Okay good thinking Ron. Let me ask, how long should I let the area dry for before installing tile?


----------



## canadaclub (Oct 19, 2006)

I wouldn't trust tuck tape to stay all that water proof. You can go to the dollar store and pick up a cheap rubber or plastic ball ...coat the edge of the drain with vaseline and keep a weight on the ball over the drain and try again


----------



## DIYadam (Apr 18, 2011)

Okay, I'm starting to get frustrated now. 

I noticed some small air bubbles coming from a few pinholes here or there last night during another test. So I drained it again, problem is I'm not sure how many there is.
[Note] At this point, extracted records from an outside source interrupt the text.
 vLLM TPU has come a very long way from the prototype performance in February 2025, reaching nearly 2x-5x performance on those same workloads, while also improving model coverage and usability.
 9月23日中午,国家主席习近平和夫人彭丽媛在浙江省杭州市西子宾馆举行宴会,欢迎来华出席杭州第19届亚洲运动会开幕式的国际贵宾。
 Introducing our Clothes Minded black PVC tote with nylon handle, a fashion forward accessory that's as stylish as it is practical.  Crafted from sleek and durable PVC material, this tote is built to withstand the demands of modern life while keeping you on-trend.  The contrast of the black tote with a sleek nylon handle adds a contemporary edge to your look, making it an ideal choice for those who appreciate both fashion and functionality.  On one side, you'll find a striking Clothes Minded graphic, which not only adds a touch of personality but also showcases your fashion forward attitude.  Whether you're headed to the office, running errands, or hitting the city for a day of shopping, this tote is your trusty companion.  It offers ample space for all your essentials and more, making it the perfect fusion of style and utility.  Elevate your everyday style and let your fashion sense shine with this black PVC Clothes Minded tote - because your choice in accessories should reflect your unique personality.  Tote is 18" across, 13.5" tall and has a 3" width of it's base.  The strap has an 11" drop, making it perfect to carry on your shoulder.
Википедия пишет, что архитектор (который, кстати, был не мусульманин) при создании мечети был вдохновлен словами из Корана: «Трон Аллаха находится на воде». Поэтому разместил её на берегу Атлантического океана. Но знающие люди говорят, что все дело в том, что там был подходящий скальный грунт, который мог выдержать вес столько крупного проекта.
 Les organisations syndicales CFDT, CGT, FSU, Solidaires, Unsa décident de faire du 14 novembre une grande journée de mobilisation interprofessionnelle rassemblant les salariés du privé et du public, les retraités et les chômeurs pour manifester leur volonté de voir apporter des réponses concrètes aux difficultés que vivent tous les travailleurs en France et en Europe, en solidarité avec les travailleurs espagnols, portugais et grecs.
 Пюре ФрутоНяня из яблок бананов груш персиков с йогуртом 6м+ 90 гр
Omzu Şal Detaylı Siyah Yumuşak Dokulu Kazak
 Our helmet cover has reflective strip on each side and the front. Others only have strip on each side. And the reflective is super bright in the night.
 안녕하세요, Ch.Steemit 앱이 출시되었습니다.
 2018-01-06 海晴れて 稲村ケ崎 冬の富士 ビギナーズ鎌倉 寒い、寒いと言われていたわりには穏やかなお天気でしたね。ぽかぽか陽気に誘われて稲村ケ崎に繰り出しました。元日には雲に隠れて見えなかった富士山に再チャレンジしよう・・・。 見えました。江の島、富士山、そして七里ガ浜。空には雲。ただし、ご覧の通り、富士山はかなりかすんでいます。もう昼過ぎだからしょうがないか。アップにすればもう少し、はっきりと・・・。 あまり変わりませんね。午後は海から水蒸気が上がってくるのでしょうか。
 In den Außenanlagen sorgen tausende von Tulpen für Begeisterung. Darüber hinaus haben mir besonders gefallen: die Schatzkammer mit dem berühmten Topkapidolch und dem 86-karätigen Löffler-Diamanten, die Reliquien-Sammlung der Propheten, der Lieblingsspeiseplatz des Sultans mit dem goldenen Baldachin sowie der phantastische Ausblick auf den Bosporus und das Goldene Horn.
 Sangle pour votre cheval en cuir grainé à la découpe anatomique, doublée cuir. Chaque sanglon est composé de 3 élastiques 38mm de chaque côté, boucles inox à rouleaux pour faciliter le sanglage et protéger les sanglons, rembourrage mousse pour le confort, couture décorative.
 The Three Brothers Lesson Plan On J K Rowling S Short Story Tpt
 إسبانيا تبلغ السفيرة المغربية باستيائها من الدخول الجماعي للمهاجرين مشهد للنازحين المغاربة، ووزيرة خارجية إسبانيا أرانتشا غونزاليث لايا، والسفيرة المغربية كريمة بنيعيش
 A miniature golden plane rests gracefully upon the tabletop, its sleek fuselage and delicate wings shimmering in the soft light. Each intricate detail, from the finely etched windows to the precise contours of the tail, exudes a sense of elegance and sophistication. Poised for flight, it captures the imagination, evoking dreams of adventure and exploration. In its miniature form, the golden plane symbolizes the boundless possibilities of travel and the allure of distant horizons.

I think I'm going to install another sheet of Kerdi over top the one thats currently down, rather than just doing a bunch of patches. I'm also going to let it extend up the walls and curb as well for added protection.

Thoughts? Ideas?

I'm starting to feel worn out...


----------



## Ron6519 (Mar 28, 2007)

DIYadam said:


> Okay, I'm starting to get frustrated now.
> 
> I noticed some small air bubbles coming from a few pinholes here or there last night during another test. So I drained it again, problem is I'm not sure how many there is.
> 
> ...


 I don't know if putting one layer of Kerdi over another is really a good idea, adhesion wise. I'd call Schulter for a recommendation.
Ron


----------



## canadaclub (Oct 19, 2006)

My thinking is that those bubbles you see are just from the surface of the kerdi since you didn't see them during you first test. I get air bubbles on the surface of my kitchen sink when I fill it and I know its not leaking. I would take a sponge and wipe the surface down (with the water in), let it settle and see if they come back. I'm with Ron on the double layer kerdi..maybe just for small patches...but if you do contact Schluter, I would be curious to know their reply.


----------



## DIYadam (Apr 18, 2011)

Okay, I contacted Schluter. They said its fine to double the membrane up.

I'm really not happy with the job I did on the base. I'm basically going to redo the whole base with a second layer. 

Anyone know if its possible to remove the first layer and then just install a new layer? Or would it be safer just going right over top and not trying to remove it?


----------



## canadaclub (Oct 19, 2006)

UGH I am picturing a nightmare of thinset patching and scraping if you remove the first layer. If schleter says its fine to double up, thats what I would do.


----------



## DIYadam (Apr 18, 2011)

canadaclub said:


> UGH I am picturing a nightmare of thinset patching and scraping if you remove the first layer. If schleter says its fine to double up, thats what I would do.


Ya, I suppose thats probably just the easiest solution.


----------



## ratherbefishing (Jan 13, 2011)

I'm keeping an eye on this thread, as my Kerdi shower project is coming up soon.


----------



## mcu (Mar 2, 2008)

Did you use the schluter shower base or made a sand bed and applied the membrane on top?

I am going to be doing a project soon also and was wondering if there was any point of using cement boards for the wall or just regular anti-moisture dywall since it's getting a membrane on top anyway.


----------



## Ron6519 (Mar 28, 2007)

DIYadam said:


> Okay, I contacted Schluter. They said its fine to double the membrane up.
> 
> I'm really not happy with the job I did on the base. I'm basically going to redo the whole base with a second layer.
> 
> Anyone know if its possible to remove the first layer and then just install a new layer? Or would it be safer just going right over top and not trying to remove it?


The kerdi will just peel off. The thinset layer is so thin there's no need to fill in as the next trowel layer will easily fill in the gaps.
Ron


----------



## DIYadam (Apr 18, 2011)

mcu said:


> Did you use the schluter shower base or made a sand bed and applied the membrane on top?
> 
> I am going to be doing a project soon also and was wondering if there was any point of using cement boards for the wall or just regular anti-moisture dywall since it's getting a membrane on top anyway.


I used the shower kit that came with the base and curbs. I don't trust myself to be able to make a decent slope. :no:

As for the walls, might I suggest their Kerdi board. I actually ended up getting some to build a ledge on the one side of my shower. It's incredibly easy to use and lightweight. 

Pics to come.


----------



## DIYadam (Apr 18, 2011)

Ron6519 said:


> The kerdi will just peel off. The thinset layer is so thin there's no need to fill in as the next trowel layer will easily fill in the gaps.
> Ron


This is exactly what I ended up doing.


----------